Guinean authorities offered a reward equivalent to more than 54,000 euros on Wednesday, November 8, for the capture of Claude Pivi. This former senior official under the dictatorship of Moussa Dadis Camara was taken from the central prison of Conakry on Saturday during a commando operation carried out by heavily armed men, alongside the former president and two other prisoners currently tried for a massacre committed in 2009. The raid left at least nine dead, according to the general prosecutor’s office. Captain Moussa Dadis Camara and the two other prisoners were recaptured the same day.

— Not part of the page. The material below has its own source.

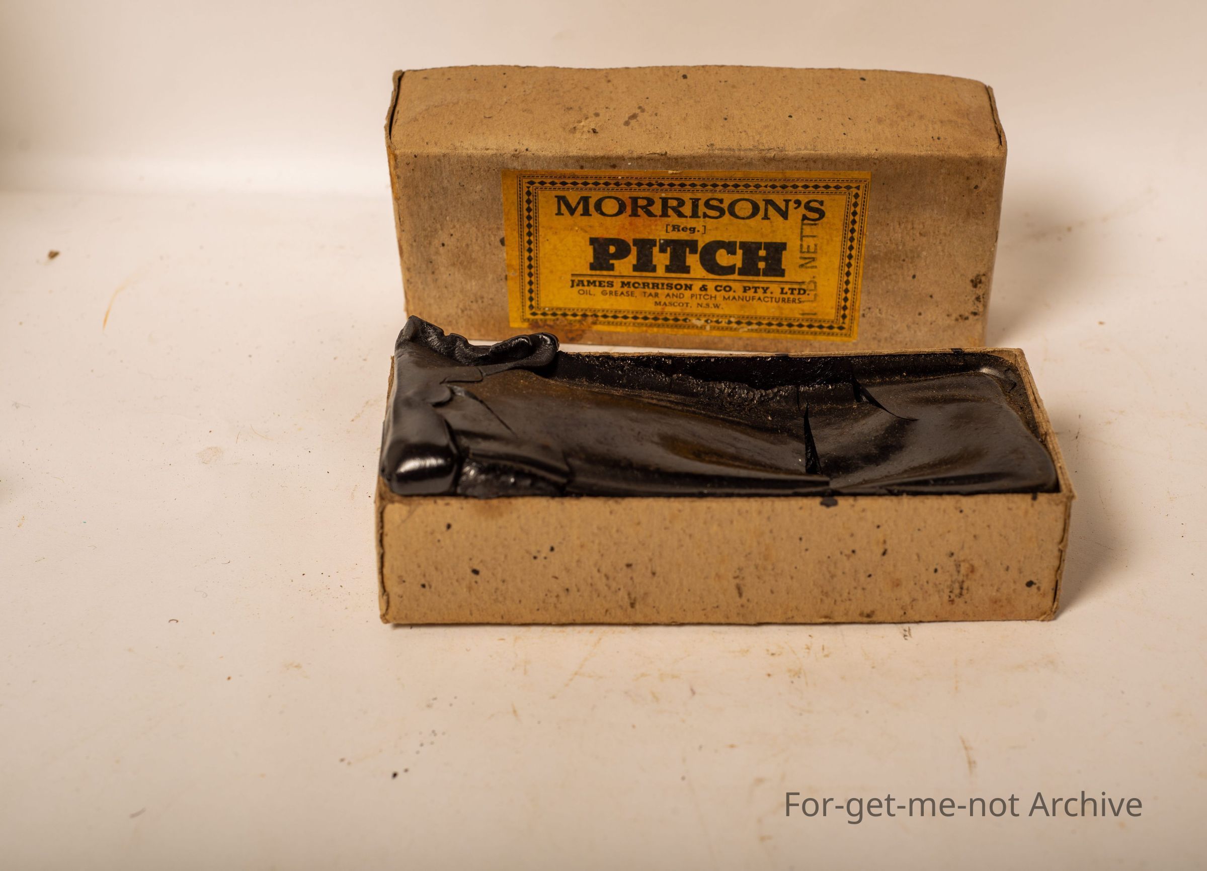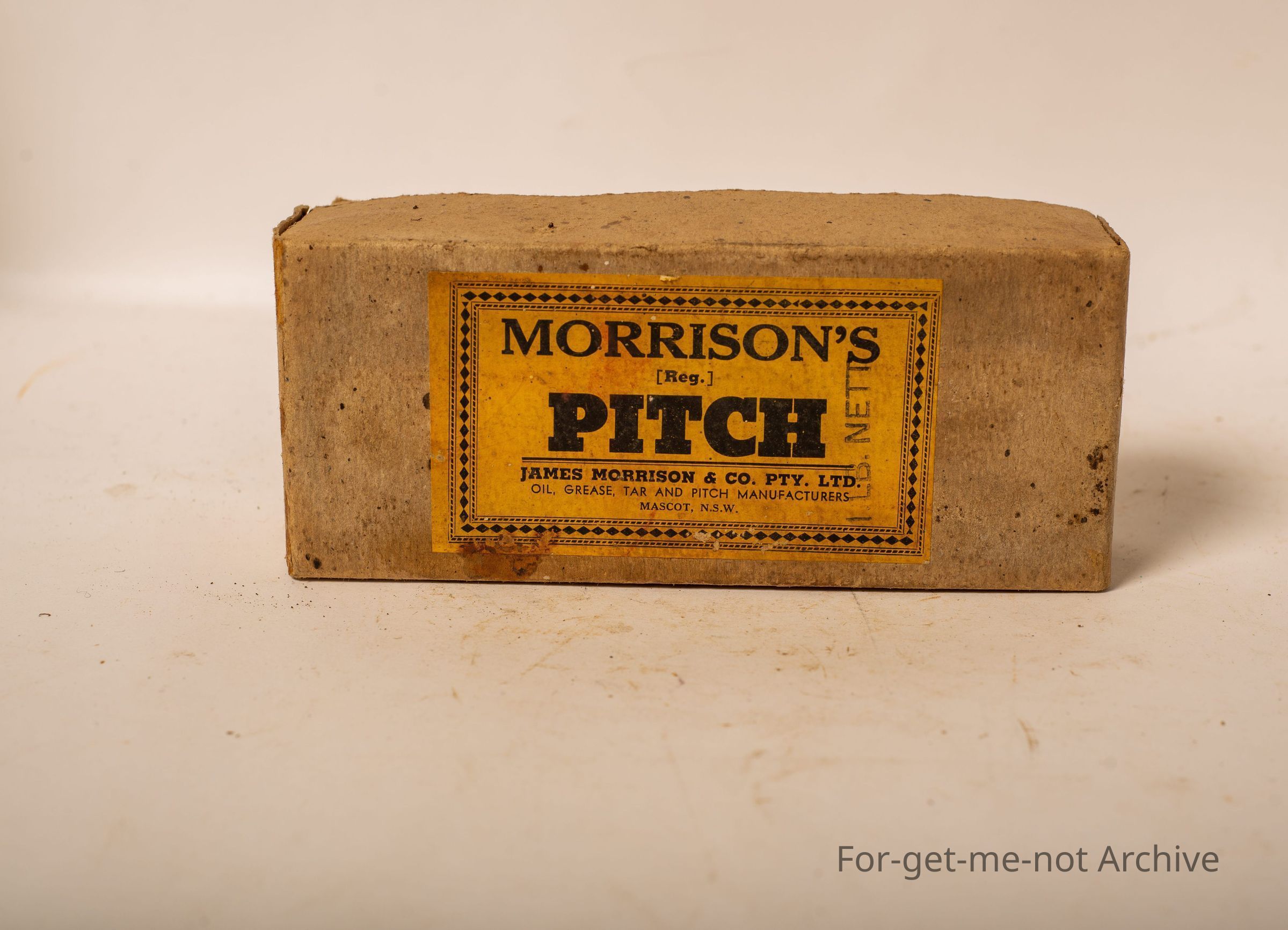Cardboard box of Morrison's pitch. James Morrison, pitch manufacturer's mascot, New South Wales. 1 pound weight with the contents of a block of pitch.

Claude Pivi, one of the strong men – and former minister – of the junta which ruled Guinea between 2008 and 2009, is still “actively wanted both nationally and internationally”, the Minister of Justice said on Wednesday, Alphonse Charles Wright, in a press release. The authorities are offering a reward of 500 million Guinean francs (54,100 euros) “to anyone who helps or facilitates [his] arrest,” it said. A toll-free number is set up and special protection measures will be taken for this person, he said. He ordered prosecutors to “do everything possible” to find Claude Pivi.
Moussa Dadis Camara, Claude Pivi and nine other former officials have been on trial since September 2022 for a litany of murders, torture, rapes and other kidnappings committed on September 28, 2009 and the following days by security forces in a suburban stadium of Conakry where tens of thousands of opposition supporters gathered.